▸ **Action item**:
Return the lines below exactly, from the first line to the line that contains "Ổ cắm 2 chấu". Leave out pictures.

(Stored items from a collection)

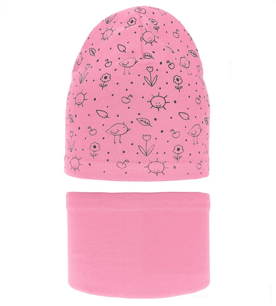 Komplet wiosenny-jesienny, dla dziewczynki, czapka i komin, różowy, Nesja, 50-53 cm
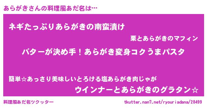 | ヘコむあだ名 | 『あらふぇ~』『酢こんぶ』『あらお』 |
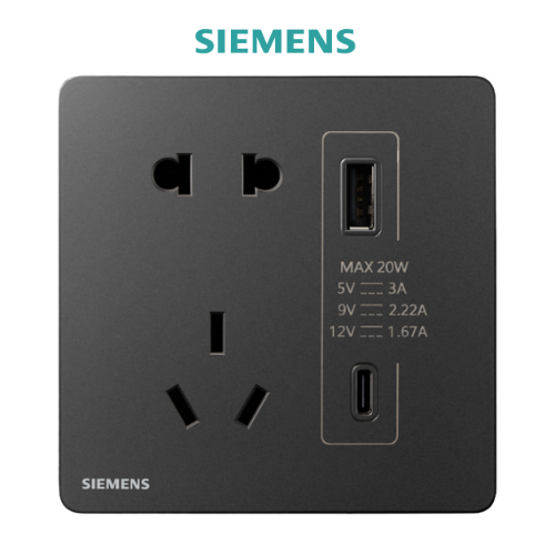 Ổ cắm 2 chấu + Ổ cắm 3 chấu kèm Ổ cắm USB 20W (Loại A&C) Incendo Siemens
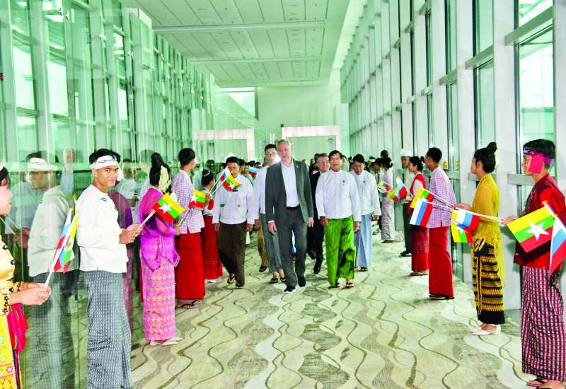 မြန်မာနိုင်ငံ၌ရောက်ရှိနေသည့် ရုရှားဖက်ဒရေးရှင်းနိုင်ငံ နိုဗိုစီဗစ်ဒေသအုပ်ချုပ်ရေးမှူး H.E.Mr. Andrey Aleksandrovich Travnikov ဦးဆောင်သော ကိုယ်စားလှယ်အဖွဲ့ဝင်များသည် ယနေ့နံနက်ပိုင်းတွင် နေပြည်တော်မှ တပ်မတော်အထူးလေယာဉ်ဖြင့်ထွက်ခွာရာ ရန်ကုန်မြို့သို့ ရောက်ရှိကြသည်။ ထို့နောက် နိုဗိုစီဗစ်ဒေသအုပ်ချုပ်ရေးမှူးနှင့်အဖွဲ့သည် ရန်ကုန်တိုင်းဒေသကြီးအစိုးရရုံးအစည်းအဝေးခန်းမ၌ တိုင်းဒေသကြီးဝန်ကြီးချုပ် ဦးစိုးသိန်းနှင့်တွေ့ဆုံပြီး ဒေသဖွံ့ဖြိုးတိုးတက်ရေးနှင့်ရင်းနှီးမြှုပ်နှံရေးဆိုင်ရာ ကိစ္စရပ်များကို ဆွေးနွေးကာ အမှတ်တရလက်ဆောင်ပစ္စည်းများ အပြန်အလှန်ပေးအပ်ကြသည်။
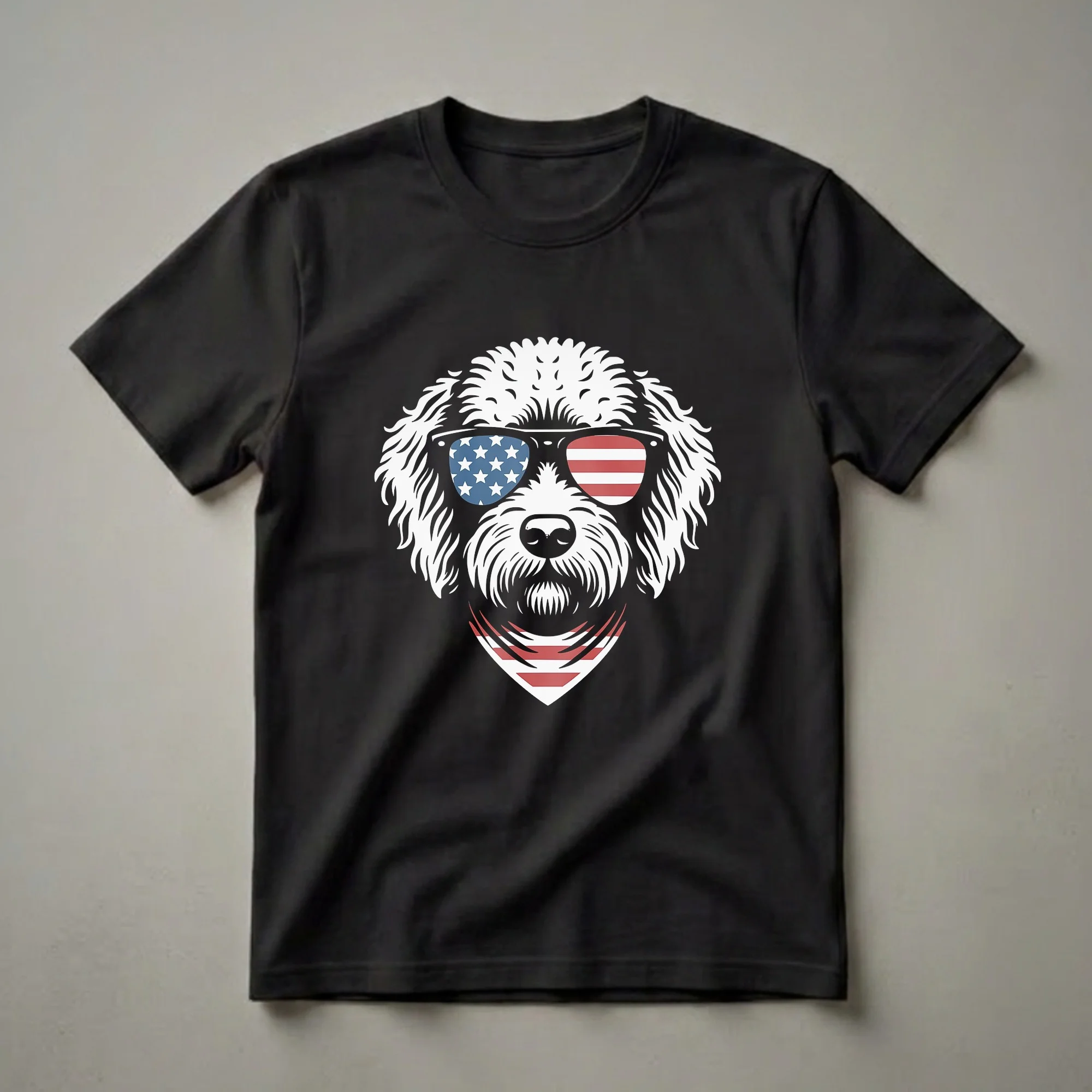 Labradoodle owners who love to show their patriotic pride will reach for this unique graphic tee. The design features a stylized white Labradoodle with a fluffy coat, sporting cool aviator sunglasses. The left lens of the sunglasses displays the iconic blue field with white stars, while the right lens features bold red and white stripes, mirroring the American flag. A matching bandana with red and white stripes completes the patriotic ensemble, draped around the dog's neck. Labradoodles are known for their intelligence and friendly nature, making them beloved companions. This shirt is a fantastic way for any Labradoodle mom or dad to express their love for their furry friend and their country. Wear this t-shirt to Fourth of July celebrations, Memorial Day parades, or any casual outing to showcase your American spirit and canine affection. It makes a thoughtful gift for dog lovers who appreciate unique and stylish apparel.
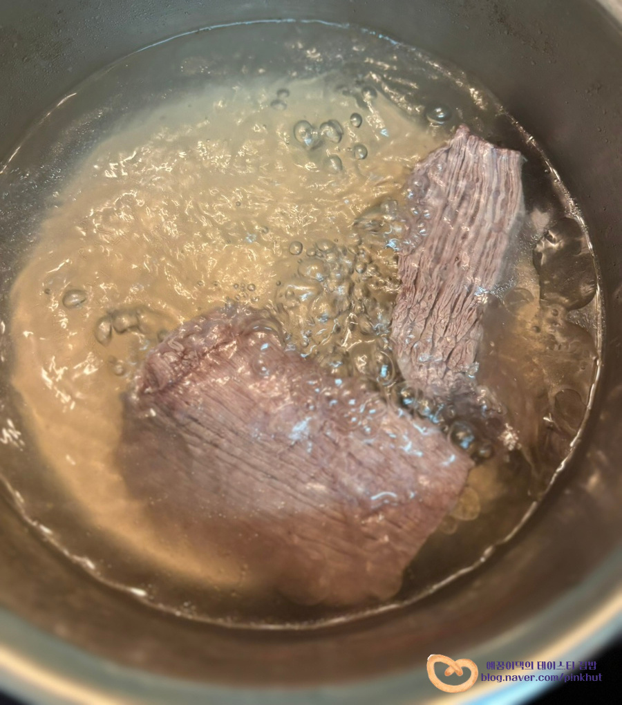 30분이 경과한 후 고기가 푹 잘 삶아졌죠?

▸ **Task result**:
 Komplet wiosenny-jesienny, dla dziewczynki, czapka i komin, różowy, Nesja, 50-53 cm
 | ヘコむあだ名 | 『あらふぇ~』『酢こんぶ』『あらお』 |
 Ổ cắm 2 chấu + Ổ cắm 3 chấu kèm Ổ cắm USB 20W (Loại A&C) Incendo Siemens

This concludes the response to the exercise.